**What you have to do**
Reproduce the entries in full and exactly. Pictures stay out.

**Saved data entries**

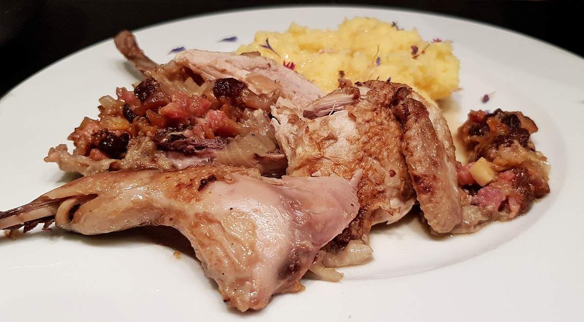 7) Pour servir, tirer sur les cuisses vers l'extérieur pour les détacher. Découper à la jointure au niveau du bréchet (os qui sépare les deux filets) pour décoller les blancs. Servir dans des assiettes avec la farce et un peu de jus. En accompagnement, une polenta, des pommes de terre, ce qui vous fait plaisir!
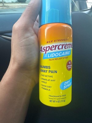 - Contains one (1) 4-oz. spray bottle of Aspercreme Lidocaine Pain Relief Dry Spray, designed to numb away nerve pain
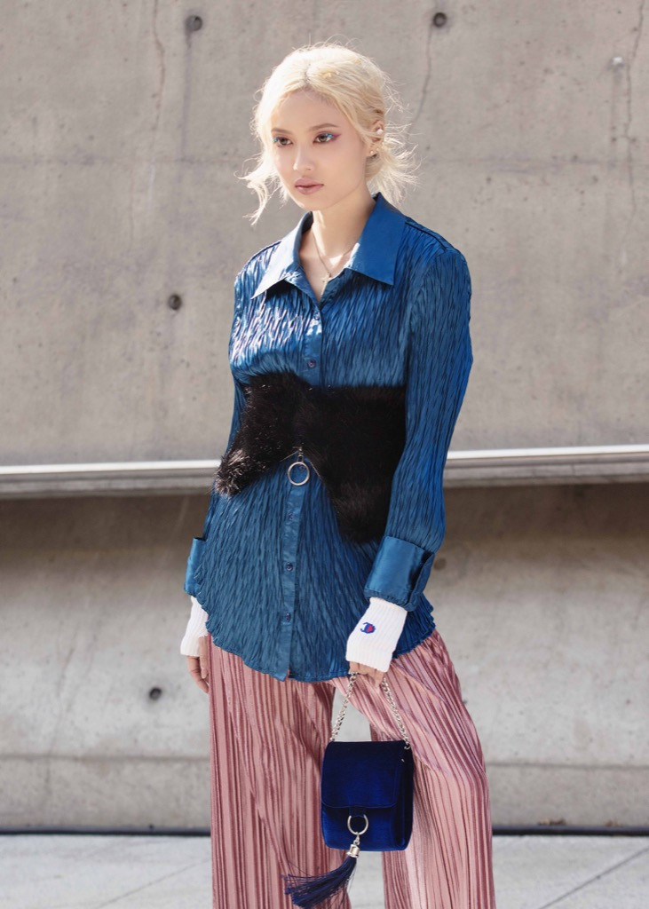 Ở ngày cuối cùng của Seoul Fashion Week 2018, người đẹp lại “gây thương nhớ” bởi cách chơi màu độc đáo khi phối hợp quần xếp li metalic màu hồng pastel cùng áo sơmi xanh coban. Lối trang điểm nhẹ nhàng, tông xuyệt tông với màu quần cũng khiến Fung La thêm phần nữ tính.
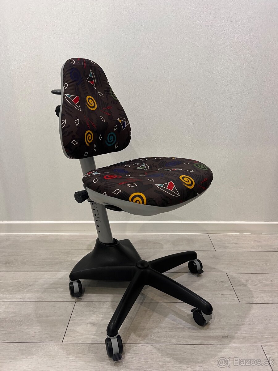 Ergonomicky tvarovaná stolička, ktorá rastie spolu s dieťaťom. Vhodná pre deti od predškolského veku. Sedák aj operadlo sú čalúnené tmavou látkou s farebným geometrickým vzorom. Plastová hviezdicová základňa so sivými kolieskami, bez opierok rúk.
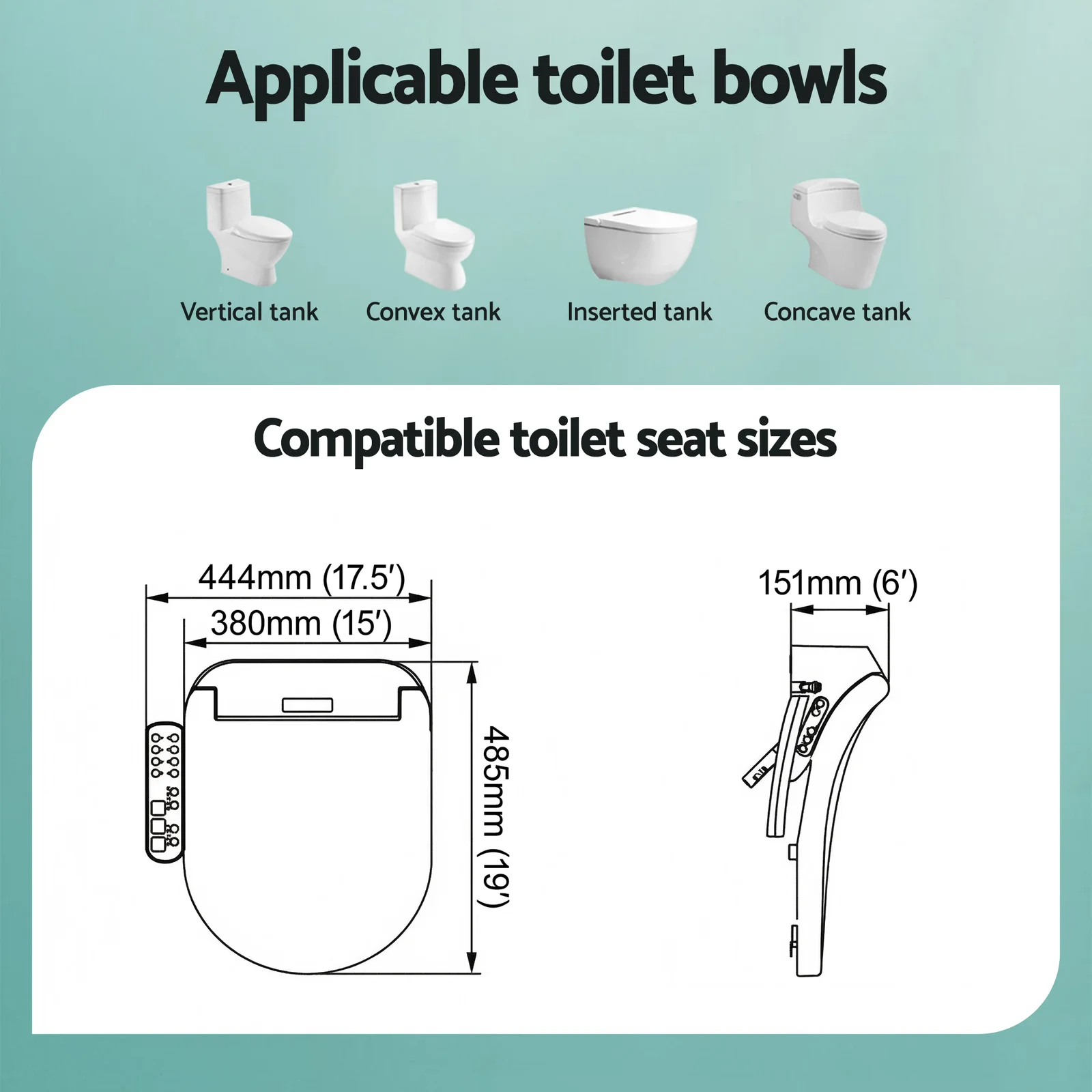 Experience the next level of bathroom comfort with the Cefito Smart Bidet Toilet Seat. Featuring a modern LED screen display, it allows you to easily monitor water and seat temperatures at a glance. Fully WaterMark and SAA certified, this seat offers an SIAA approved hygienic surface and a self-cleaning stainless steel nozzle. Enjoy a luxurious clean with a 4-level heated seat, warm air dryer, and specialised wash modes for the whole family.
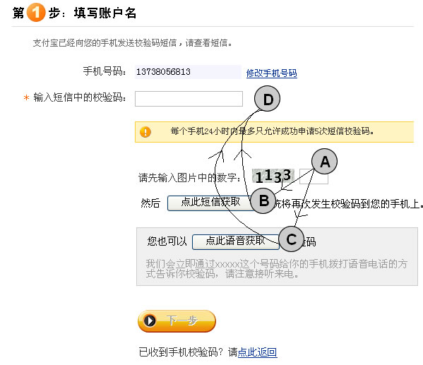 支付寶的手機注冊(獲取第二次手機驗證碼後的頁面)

**Task output**
 7) Pour servir, tirer sur les cuisses vers l'extérieur pour les détacher. Découper à la jointure au niveau du bréchet (os qui sépare les deux filets) pour décoller les blancs. Servir dans des assiettes avec la farce et un peu de jus. En accompagnement, une polenta, des pommes de terre, ce qui vous fait plaisir!
 - Contains one (1) 4-oz. spray bottle of Aspercreme Lidocaine Pain Relief Dry Spray, designed to numb away nerve pain
 Ở ngày cuối cùng của Seoul Fashion Week 2018, người đẹp lại “gây thương nhớ” bởi cách chơi màu độc đáo khi phối hợp quần xếp li metalic màu hồng pastel cùng áo sơmi xanh coban. Lối trang điểm nhẹ nhàng, tông xuyệt tông với màu quần cũng khiến Fung La thêm phần nữ tính.
 Ergonomicky tvarovaná stolička, ktorá rastie spolu s dieťaťom. Vhodná pre deti od predškolského veku. Sedák aj operadlo sú čalúnené tmavou látkou s farebným geometrickým vzorom. Plastová hviezdicová základňa so sivými kolieskami, bez opierok rúk.
 Experience the next level of bathroom comfort with the Cefito Smart Bidet Toilet Seat. Featuring a modern LED screen display, it allows you to easily monitor water and seat temperatures at a glance. Fully WaterMark and SAA certified, this seat offers an SIAA approved hygienic surface and a self-cleaning stainless steel nozzle. Enjoy a luxurious clean with a 4-level heated seat, warm air dryer, and specialised wash modes for the whole family.
 支付寶的手機注冊(獲取第二次手機驗證碼後的頁面)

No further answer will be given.